- _Prompt_
An exact copy of all the data below is required.

- _Exercise data_

((

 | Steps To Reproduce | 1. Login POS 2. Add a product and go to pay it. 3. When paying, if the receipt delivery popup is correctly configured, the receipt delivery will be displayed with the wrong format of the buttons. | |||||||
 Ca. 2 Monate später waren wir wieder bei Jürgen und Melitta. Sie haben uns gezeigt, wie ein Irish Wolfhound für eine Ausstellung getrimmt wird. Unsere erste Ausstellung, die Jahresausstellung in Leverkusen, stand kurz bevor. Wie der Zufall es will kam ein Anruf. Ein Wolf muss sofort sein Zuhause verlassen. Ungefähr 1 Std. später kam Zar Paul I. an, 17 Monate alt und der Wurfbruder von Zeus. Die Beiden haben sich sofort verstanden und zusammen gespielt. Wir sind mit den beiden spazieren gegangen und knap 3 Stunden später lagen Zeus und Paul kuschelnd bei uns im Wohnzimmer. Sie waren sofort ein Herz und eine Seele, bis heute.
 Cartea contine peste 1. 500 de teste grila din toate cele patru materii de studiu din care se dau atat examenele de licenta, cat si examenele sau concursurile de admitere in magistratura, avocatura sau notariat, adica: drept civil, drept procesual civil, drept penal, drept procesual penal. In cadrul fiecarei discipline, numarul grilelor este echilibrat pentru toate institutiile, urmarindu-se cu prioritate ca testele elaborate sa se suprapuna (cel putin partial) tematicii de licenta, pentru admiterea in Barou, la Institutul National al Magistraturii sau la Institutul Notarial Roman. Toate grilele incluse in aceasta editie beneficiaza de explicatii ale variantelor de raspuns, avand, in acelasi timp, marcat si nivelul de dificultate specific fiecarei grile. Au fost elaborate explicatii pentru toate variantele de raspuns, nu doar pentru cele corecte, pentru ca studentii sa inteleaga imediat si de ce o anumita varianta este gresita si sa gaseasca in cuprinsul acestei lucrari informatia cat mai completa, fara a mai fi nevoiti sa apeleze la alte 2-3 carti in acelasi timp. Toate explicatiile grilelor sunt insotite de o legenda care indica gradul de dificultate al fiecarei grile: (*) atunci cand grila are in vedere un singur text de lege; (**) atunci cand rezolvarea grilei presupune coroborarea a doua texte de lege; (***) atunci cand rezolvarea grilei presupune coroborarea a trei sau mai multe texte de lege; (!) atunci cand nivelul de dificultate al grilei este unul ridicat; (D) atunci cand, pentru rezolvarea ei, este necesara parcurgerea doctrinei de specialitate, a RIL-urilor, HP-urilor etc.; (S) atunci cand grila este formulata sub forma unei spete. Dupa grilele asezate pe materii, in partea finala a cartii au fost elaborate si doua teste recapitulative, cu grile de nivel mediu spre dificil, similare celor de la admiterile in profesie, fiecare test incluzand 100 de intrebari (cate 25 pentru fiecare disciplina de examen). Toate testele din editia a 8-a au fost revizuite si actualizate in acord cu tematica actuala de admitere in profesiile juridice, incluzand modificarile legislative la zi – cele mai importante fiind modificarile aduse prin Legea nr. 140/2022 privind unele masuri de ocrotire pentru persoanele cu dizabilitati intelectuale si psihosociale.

))

- _Response to the task_
 | Steps To Reproduce | 1. Login POS 2. Add a product and go to pay it. 3. When paying, if the receipt delivery popup is correctly configured, the receipt delivery will be displayed with the wrong format of the buttons. | |||||||
 Ca. 2 Monate später waren wir wieder bei Jürgen und Melitta. Sie haben uns gezeigt, wie ein Irish Wolfhound für eine Ausstellung getrimmt wird. Unsere erste Ausstellung, die Jahresausstellung in Leverkusen, stand kurz bevor. Wie der Zufall es will kam ein Anruf. Ein Wolf muss sofort sein Zuhause verlassen. Ungefähr 1 Std. später kam Zar Paul I. an, 17 Monate alt und der Wurfbruder von Zeus. Die Beiden haben sich sofort verstanden und zusammen gespielt. Wir sind mit den beiden spazieren gegangen und knap 3 Stunden später lagen Zeus und Paul kuschelnd bei uns im Wohnzimmer. Sie waren sofort ein Herz und eine Seele, bis heute.
 Cartea contine peste 1. 500 de teste grila din toate cele patru materii de studiu din care se dau atat examenele de licenta, cat si examenele sau concursurile de admitere in magistratura, avocatura sau notariat, adica: drept civil, drept procesual civil, drept penal, drept procesual penal. In cadrul fiecarei discipline, numarul grilelor este echilibrat pentru toate institutiile, urmarindu-se cu prioritate ca testele elaborate sa se suprapuna (cel putin partial) tematicii de licenta, pentru admiterea in Barou, la Institutul National al Magistraturii sau la Institutul Notarial Roman. Toate grilele incluse in aceasta editie beneficiaza de explicatii ale variantelor de raspuns, avand, in acelasi timp, marcat si nivelul de dificultate specific fiecarei grile. Au fost elaborate explicatii pentru toate variantele de raspuns, nu doar pentru cele corecte, pentru ca studentii sa inteleaga imediat si de ce o anumita varianta este gresita si sa gaseasca in cuprinsul acestei lucrari informatia cat mai completa, fara a mai fi nevoiti sa apeleze la alte 2-3 carti in acelasi timp. Toate explicatiile grilelor sunt insotite de o legenda care indica gradul de dificultate al fiecarei grile: (*) atunci cand grila are in vedere un singur text de lege; (**) atunci cand rezolvarea grilei presupune coroborarea a doua texte de lege; (***) atunci cand rezolvarea grilei presupune coroborarea a trei sau mai multe texte de lege; (!) atunci cand nivelul de dificultate al grilei este unul ridicat; (D) atunci cand, pentru rezolvarea ei, este necesara parcurgerea doctrinei de specialitate, a RIL-urilor, HP-urilor etc.; (S) atunci cand grila este formulata sub forma unei spete. Dupa grilele asezate pe materii, in partea finala a cartii au fost elaborate si doua teste recapitulative, cu grile de nivel mediu spre dificil, similare celor de la admiterile in profesie, fiecare test incluzand 100 de intrebari (cate 25 pentru fiecare disciplina de examen). Toate testele din editia a 8-a au fost revizuite si actualizate in acord cu tematica actuala de admitere in profesiile juridice, incluzand modificarile legislative la zi – cele mai importante fiind modificarile aduse prin Legea nr. 140/2022 privind unele masuri de ocrotire pentru persoanele cu dizabilitati intelectuale si psihosociale.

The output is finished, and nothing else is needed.